Over the past couple of years, the SHFE premium over the LME had become so significant that it boosted aluminum flows into China, with imports of unwrought aluminum and products jumping 27.5% year to date since October 2023. Inevitably, this inflow depressed the SHFE price even more than the LME.
At MetalMiner, we have often discussed the inverse correlation between the USD and commodity prices. While it doesn’t always hold true, the strength of the USD has arguably pressured metal prices in a general way.
View MetalMiner’s track record of forecasting where industrial metal prices are headed.

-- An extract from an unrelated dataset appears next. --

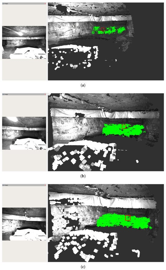 Muck pile detection results from a single loading sequence at a distance of 30 m (a), 25 m (b) and 20 m (c) from the camera respectively. On the left, the image from the left camera is shown, while the right shows the computed point cloud using the color information from the left camera with the detected muck pile points marked in green. The red square has a size of m to illustrate the scale. The pile is 12.1 m wide and 3.8 m high. It was estimated as 12.5 m wide and 2.92 m high (a), 12.1 m wide and 3.46 m high (b) and 12.7 m wide and 3.42 m high (c) respectively. Even though this sequence represents a challenging case where the stereo matching suffers under low optical contrast in the pile, relatively good segmentation can still be achieved at a distance of 25 m from the camera.

Renewables May Not Pay Off Until Later
Realistically, demand from green initiatives was always a long-term prospect. Speculators got ahead of themselves, expecting aluminum and copper prices to rise soon because of renewables and EVs. If (or when) renewable demand materializes, it will likely be in the latter part of the decade. Legislation roll-backs are already occurring, while EV automotive targets and subsidies are seeing reductions in a Europe-wide tight budget environment.
Meanwhile, mills and traders continue to hold on, hoping for some stability in price levels. At the same time, consumers are unable to take full advantage of falling prices due to weak demand and high inventory levels. Currently, the market benefits almost no one. But at least consumers can keep forward commitments light, as there appears to be little on the horizon over the coming months to support prices.